O método atual é limitado em mostrar a interação fotorreceptor-EPR porque o EPR está sendo removido durante a dissecção. Essa interação pode ser melhor estudada com métodos que utilizem clareamento e pulem a dissecção ^3,5. O encolhimento do tecido e a possível distorção são limitações inerentes a todos os métodos de fixação e limpeza do tecido, incluindo o método descrito aqui. Essas limitações devem ser reconhecidas ao interpretar os resultados obtidos com o método atual e outros métodos semelhantes. Duas etapas críticas que contribuem para o sucesso desse método incluem uma boa dissecção cirúrgica dos revestimentos oculares sem danificar a retina em combinação com a aplicação de TDE como agente de limpeza óptica. A dissecação das camadas esclera / coróide / EPR em um olho pequeno de roedor pode ser tecnicamente desafiadora e cortar a retina periférica ou o segmento anterior do olho deve ser evitado. Dominar essa técnica requer o mesmo conjunto de habilidades utilizadas na preparação da montagem plana da retina e, em nossa experiência, a destreza essencial pode ser adquirida após a realização das etapas de dissecção descritas acima em três a cinco olhos. O período de incubação para cada fase de limpeza pode ser modificado se o método tiver de ser aplicado em olhos de animais maiores (como coelhos). Se o vaso hialoide se coa melhor com uma técnica de imunomarcação modificada injetando os anticorpos primários e secundários na cavidade vítrea precisa ser explorado no futuro.

Em resumo, o método descrito aqui é baseado no desenvolvimento de técnicas descritas anteriormente para imagens de retina inteira de alta resolução, permitindo imagens dos alvos moleculares e estruturais, incluindo fluoróforos de coloração inatos e in vivo em uma retina inteira intacta e vítrea. Este método aborda várias das limitações dos métodos existentes de preparação de retina inteira intacta, oferecendo uma nova abordagem para uma visualização sem precedentes da vasculatura hialóide na retina intacta.

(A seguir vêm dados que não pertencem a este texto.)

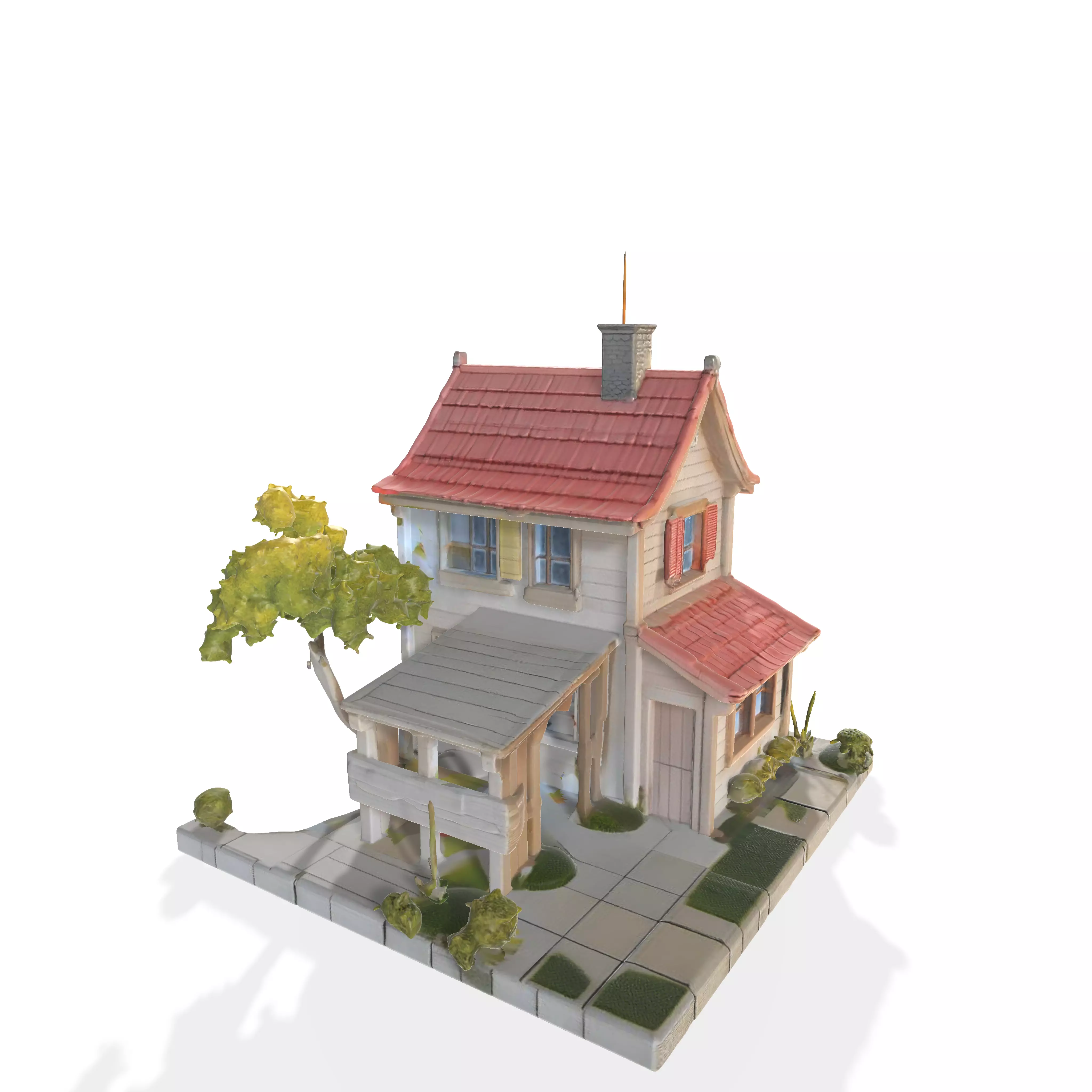 Step into the charm of a cozy European-inspired countryside with this detailed 3D model of a stylized cottage house. Designed with a warm and whimsical aesthetic, this model features a two-story structure with textured red roof tiles, wooden window frames, detailed stonework, and a welcoming front garden. Every element—from the hand-crafted porch to the miniature landscaping—has been carefully modeled to deliver a storybook feel.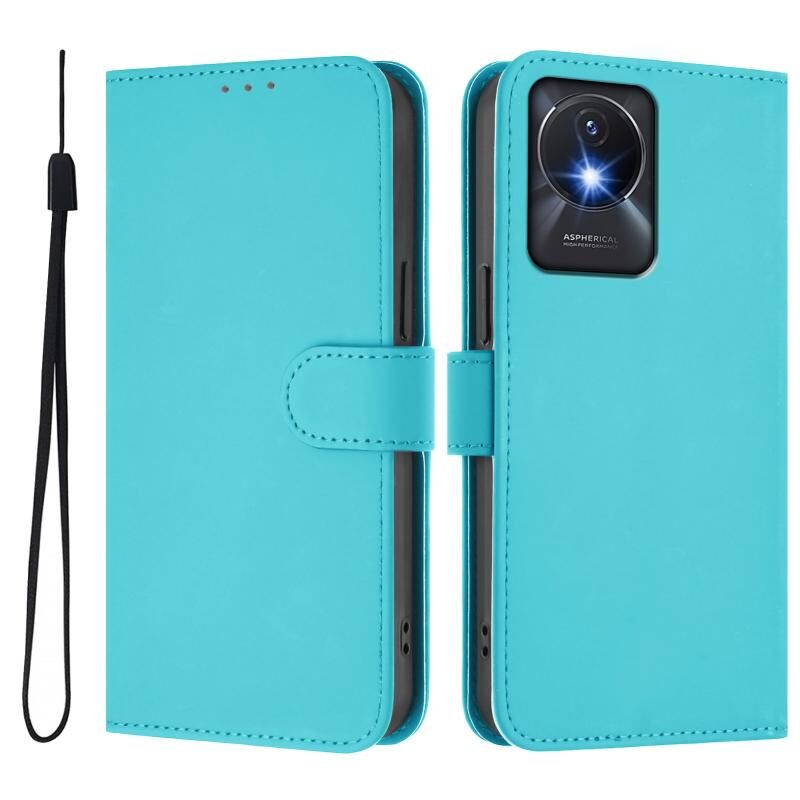 Θήκη τηλεφώνου από δέρμα με συμπαγή χρώματα και αίσθηση δέρματος για vivo Y02A 4G / Y02 4G / Y11 2023 με κορδόνι (Καφέ)
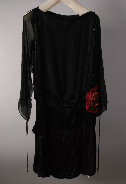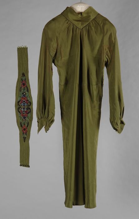 Groene crêpe zijden jurk, met tailleband met kralenb...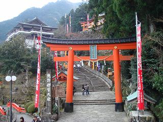 一の鳥居から長い石段を登った上にある二の鳥居の右に那智大社の本殿があります。

Nenhum conflito de interesses comercial relevante.

Este trabalho foi feito no Ramo Médico da Universidade do Texas. Os autores apreciam Harald
Junge, PhD, Debora Ferrington, PhD, e Heidi Roehrich, Universidade de Minnesota, por sua ajuda na preparação da Figura 1 e do filme 2. O LO foi apoiado pelo NIEHS T32 Training Grant T32ES007254.